[Given material]
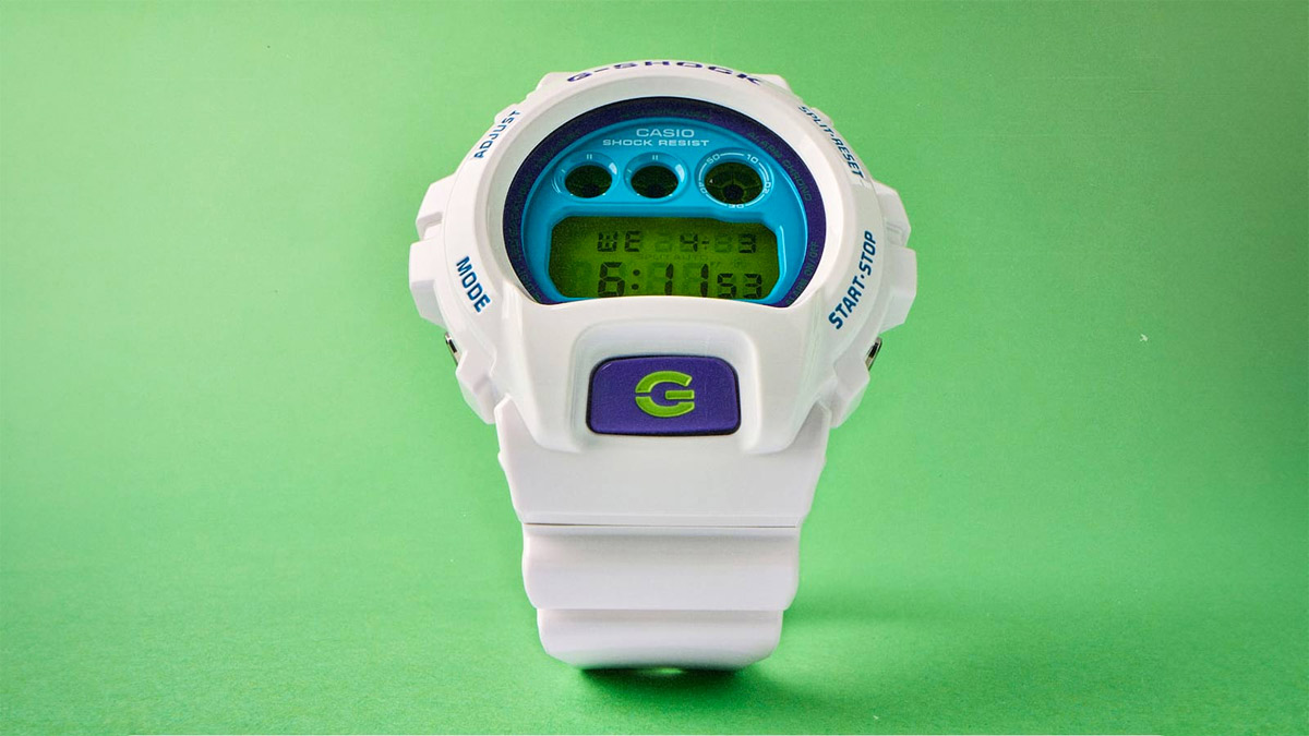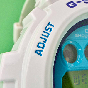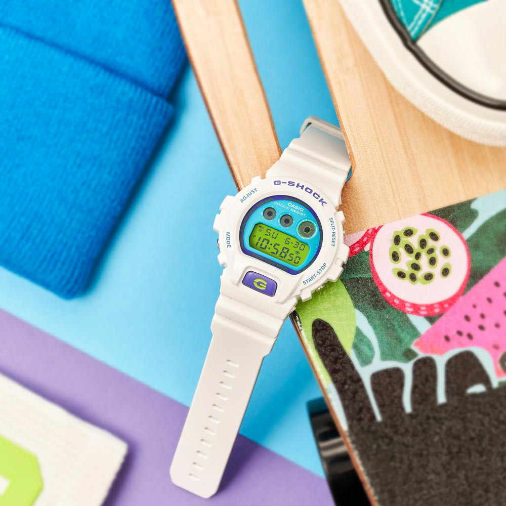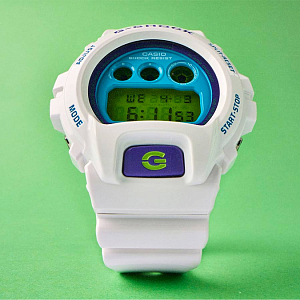 Перед вами редкий лимитированный релиз 2024 года из серии G-SHOCK DW-6900 в белом глянцевом корпусе с ярким бирюзовым циферблатом и сиреневыми деталями.
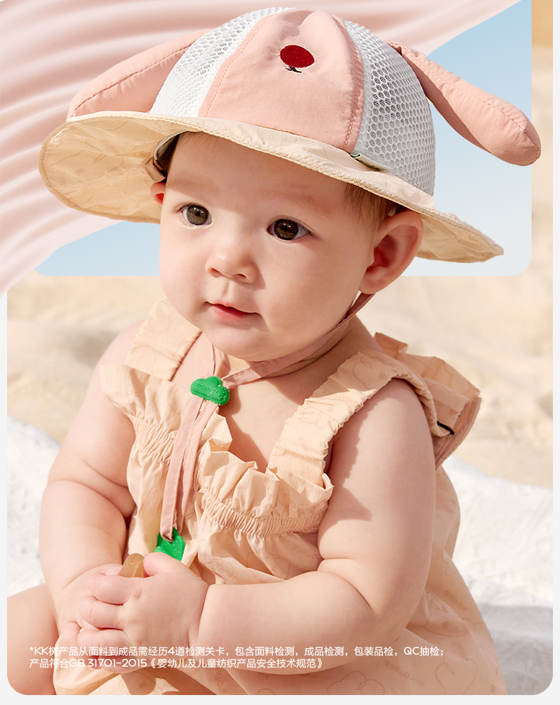KK树宝宝防晒帽儿童防紫外线遮阳帽子男童女孩春夏渔夫帽大帽檐小奶萌动物帽
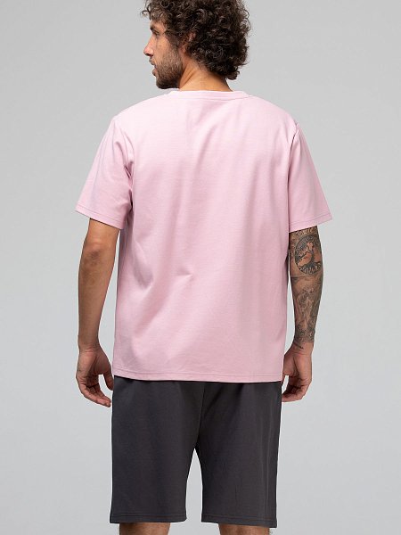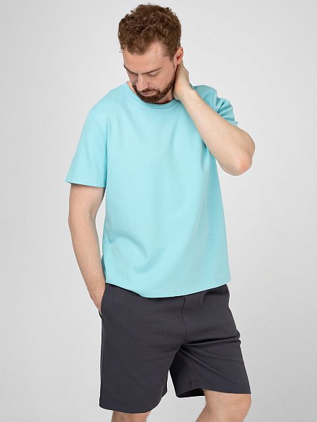 Мужской костюм для дома и отдыха: футболка и шорты. Выполнен из плотного хлопкового трикотажа в диагональный рубчик. Шорты до колена или чуть выше, свободного кроя, на резинке с кулиской и шнурком. Имеют удобные боковые карманы. Держат форму и не просвечивают. К серым шортам есть три варианта расцветки футболок: желтая, розовая, голубая. Оттенки спокойные, приглушенные, способствующие расслабленному времяпровождению. Футболка свободного прямого силуэта, с коротким рукавом и округлым вырезом горловины. Этот комплект удовлетворит самый взыскательный вкус и поможет создать стильный и комфортный образ для дома и отдыха.
[/Given material]
• Brief:
Starting at the first line of the data, set down each line exactly until you have copied the line with "KK树宝宝防晒帽儿童防紫外线遮阳帽子男童女孩春夏渔夫帽大帽檐小奶萌动物帽", but leave the pictures out.

• Task solution:
 Перед вами редкий лимитированный релиз 2024 года из серии G-SHOCK DW-6900 в белом глянцевом корпусе с ярким бирюзовым циферблатом и сиреневыми деталями.
KK树宝宝防晒帽儿童防紫外线遮阳帽子男童女孩春夏渔夫帽大帽檐小奶萌动物帽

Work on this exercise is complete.